◆ WHAT YOU SHOULD DO:
Without including any picture, copy the entries that follow word for word.

◆ EXERCISE INPUTS:
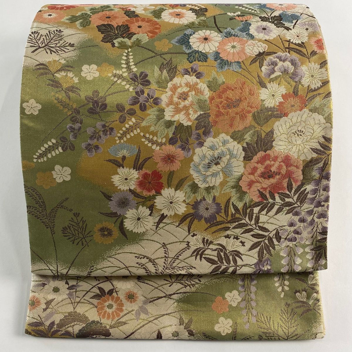 袋帯 秀品 扇面 草花 箔 薄緑 六通 正絹
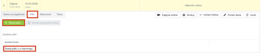 Dodawaj do zajeć różne pomoce naukowe dla kursantów. Mogą mieć one postać zdjęć, plików audio czy też prezentacji.
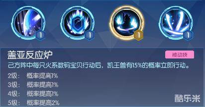 被动技盖亚反应炉:己方阵容中每只火系数码宝贝行动后,凯王兽都有15%的概率触发协战,满级的概率达到20%。
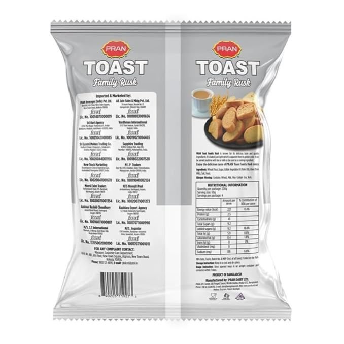 PRAN Original Family Toast Rusk, 200 Grams
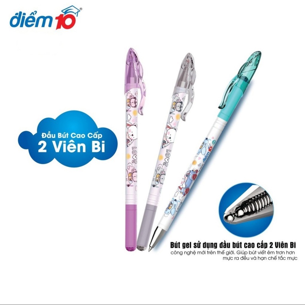 Tên danh mục Bút Gel Thương hiệu Điểm 10 Đường kính viên bi 0.5 mm Màu mực Xanh/đen/tím Đóng gói 20 cây/hộp Trọng lượng 180 gram/hộp Tính năng nổi bật:
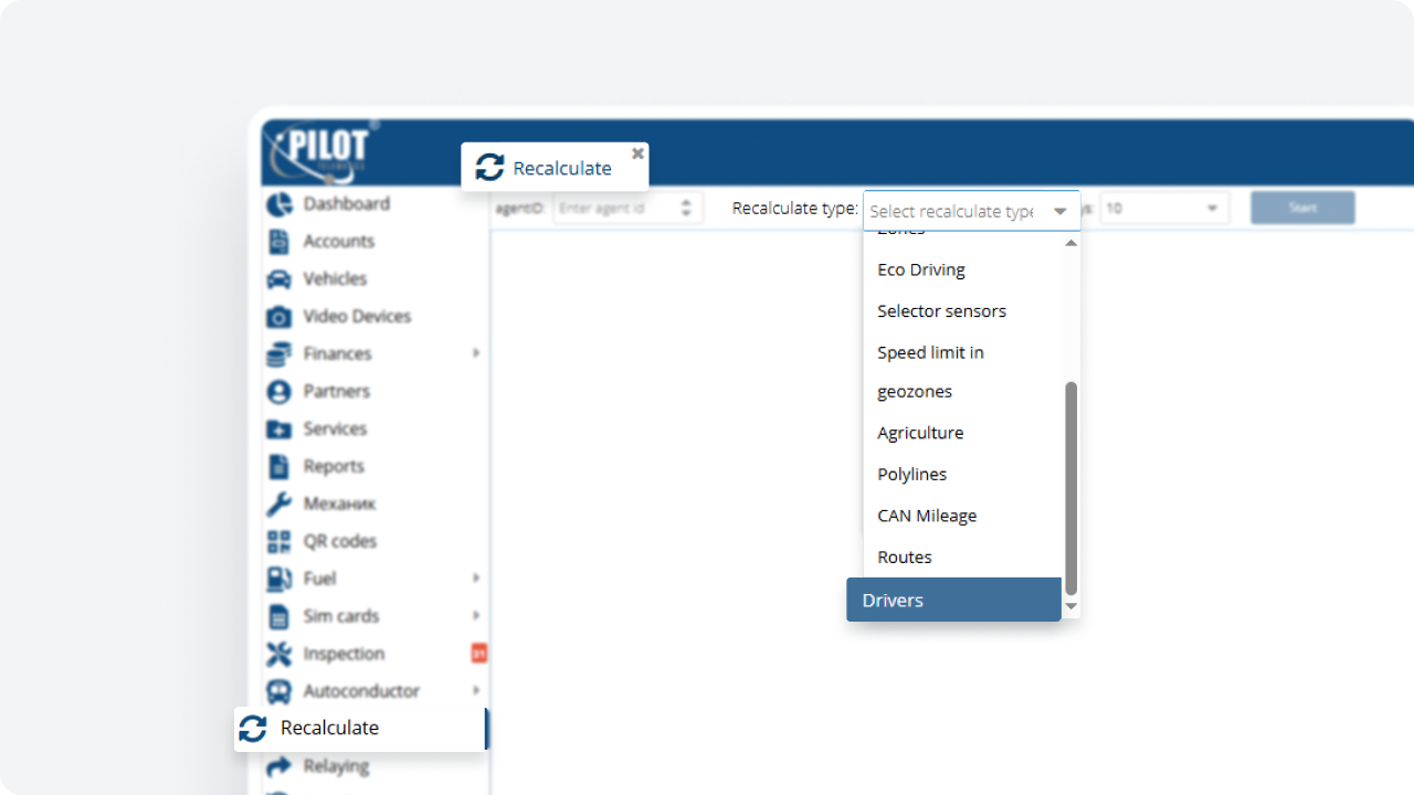Admins can now recalculate driver performance data for any specified period, ensuring report accuracy.

◆ SOLUTION TO THE PROBLEM:
 袋帯 秀品 扇面 草花 箔 薄緑 六通 正絹
 Dodawaj do zajeć różne pomoce naukowe dla kursantów. Mogą mieć one postać zdjęć, plików audio czy też prezentacji.
 被动技盖亚反应炉:己方阵容中每只火系数码宝贝行动后,凯王兽都有15%的概率触发协战,满级的概率达到20%。
 PRAN Original Family Toast Rusk, 200 Grams
 Tên danh mục Bút Gel Thương hiệu Điểm 10 Đường kính viên bi 0.5 mm Màu mực Xanh/đen/tím Đóng gói 20 cây/hộp Trọng lượng 180 gram/hộp Tính năng nổi bật:
Admins can now recalculate driver performance data for any specified period, ensuring report accuracy.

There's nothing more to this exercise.